ENTRIES SUPPLIED
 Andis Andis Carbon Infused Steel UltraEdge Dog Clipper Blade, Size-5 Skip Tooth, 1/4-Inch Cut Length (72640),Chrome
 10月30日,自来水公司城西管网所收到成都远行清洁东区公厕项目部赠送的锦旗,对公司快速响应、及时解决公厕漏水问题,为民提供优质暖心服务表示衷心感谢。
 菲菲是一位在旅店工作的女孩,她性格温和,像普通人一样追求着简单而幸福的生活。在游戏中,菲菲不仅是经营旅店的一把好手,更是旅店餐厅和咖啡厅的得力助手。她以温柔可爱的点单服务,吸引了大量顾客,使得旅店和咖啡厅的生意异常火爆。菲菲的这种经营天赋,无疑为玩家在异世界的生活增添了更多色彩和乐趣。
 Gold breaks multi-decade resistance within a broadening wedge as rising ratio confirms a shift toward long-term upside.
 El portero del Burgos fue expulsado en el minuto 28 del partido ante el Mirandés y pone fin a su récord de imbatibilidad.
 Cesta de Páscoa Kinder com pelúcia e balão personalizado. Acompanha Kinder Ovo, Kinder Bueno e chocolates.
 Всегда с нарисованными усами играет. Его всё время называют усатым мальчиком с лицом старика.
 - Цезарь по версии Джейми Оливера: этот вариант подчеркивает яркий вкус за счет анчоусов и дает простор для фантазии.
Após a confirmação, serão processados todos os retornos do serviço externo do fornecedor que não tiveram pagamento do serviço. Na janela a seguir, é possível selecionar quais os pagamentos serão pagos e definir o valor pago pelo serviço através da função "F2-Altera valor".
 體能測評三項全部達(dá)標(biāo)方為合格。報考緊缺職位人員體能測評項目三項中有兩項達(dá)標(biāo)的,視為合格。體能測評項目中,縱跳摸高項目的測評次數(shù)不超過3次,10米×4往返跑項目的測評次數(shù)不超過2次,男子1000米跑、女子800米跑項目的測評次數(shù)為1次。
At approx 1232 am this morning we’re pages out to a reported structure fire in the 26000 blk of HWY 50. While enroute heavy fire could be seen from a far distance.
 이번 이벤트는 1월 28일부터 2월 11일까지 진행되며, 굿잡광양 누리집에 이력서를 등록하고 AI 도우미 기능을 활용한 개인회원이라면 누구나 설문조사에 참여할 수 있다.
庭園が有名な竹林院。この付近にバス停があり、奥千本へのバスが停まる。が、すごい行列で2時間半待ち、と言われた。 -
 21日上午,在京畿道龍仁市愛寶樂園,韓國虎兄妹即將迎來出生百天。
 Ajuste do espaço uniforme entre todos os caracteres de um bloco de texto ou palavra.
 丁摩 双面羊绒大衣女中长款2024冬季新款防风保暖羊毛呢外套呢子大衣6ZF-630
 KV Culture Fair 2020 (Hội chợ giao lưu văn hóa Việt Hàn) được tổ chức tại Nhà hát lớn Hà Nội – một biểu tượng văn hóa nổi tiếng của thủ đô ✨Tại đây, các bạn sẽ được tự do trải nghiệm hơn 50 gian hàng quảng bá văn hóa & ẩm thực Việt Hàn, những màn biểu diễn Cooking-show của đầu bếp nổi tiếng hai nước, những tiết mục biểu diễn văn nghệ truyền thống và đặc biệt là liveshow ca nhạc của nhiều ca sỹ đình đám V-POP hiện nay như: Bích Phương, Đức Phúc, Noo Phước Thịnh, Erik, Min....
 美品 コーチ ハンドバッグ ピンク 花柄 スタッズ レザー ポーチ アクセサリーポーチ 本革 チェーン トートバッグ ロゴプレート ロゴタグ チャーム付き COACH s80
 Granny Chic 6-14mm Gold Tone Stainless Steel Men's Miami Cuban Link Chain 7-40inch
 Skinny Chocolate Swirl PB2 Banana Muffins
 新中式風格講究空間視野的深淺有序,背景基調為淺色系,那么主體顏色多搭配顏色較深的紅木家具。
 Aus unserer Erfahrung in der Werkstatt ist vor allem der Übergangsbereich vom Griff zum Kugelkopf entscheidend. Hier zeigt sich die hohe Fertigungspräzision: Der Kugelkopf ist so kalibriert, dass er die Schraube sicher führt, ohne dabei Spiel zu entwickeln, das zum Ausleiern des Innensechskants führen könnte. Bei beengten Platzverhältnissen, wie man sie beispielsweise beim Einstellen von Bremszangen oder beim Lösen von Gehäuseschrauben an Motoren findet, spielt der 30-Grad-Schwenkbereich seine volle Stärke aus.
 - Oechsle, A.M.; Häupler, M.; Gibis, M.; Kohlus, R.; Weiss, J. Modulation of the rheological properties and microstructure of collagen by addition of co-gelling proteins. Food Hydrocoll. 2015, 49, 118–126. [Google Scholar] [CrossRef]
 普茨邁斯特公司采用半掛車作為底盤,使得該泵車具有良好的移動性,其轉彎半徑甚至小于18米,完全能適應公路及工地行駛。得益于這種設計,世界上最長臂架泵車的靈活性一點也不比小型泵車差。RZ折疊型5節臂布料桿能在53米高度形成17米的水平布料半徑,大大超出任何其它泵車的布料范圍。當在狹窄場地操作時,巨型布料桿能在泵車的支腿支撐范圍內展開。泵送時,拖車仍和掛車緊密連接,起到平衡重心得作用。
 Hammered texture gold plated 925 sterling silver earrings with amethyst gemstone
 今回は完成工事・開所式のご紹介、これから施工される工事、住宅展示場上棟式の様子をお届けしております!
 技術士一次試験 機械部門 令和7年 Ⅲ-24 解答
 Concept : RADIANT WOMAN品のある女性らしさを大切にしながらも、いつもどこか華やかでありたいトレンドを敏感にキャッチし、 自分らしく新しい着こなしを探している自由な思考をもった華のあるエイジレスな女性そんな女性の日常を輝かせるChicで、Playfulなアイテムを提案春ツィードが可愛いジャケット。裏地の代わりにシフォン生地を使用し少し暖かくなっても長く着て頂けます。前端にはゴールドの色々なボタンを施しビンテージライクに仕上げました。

REQUIRED WORK
Counting only lines that contain "Steel", what is the total for the entries above? Give the number alone.

SOLVED PROBLEM
2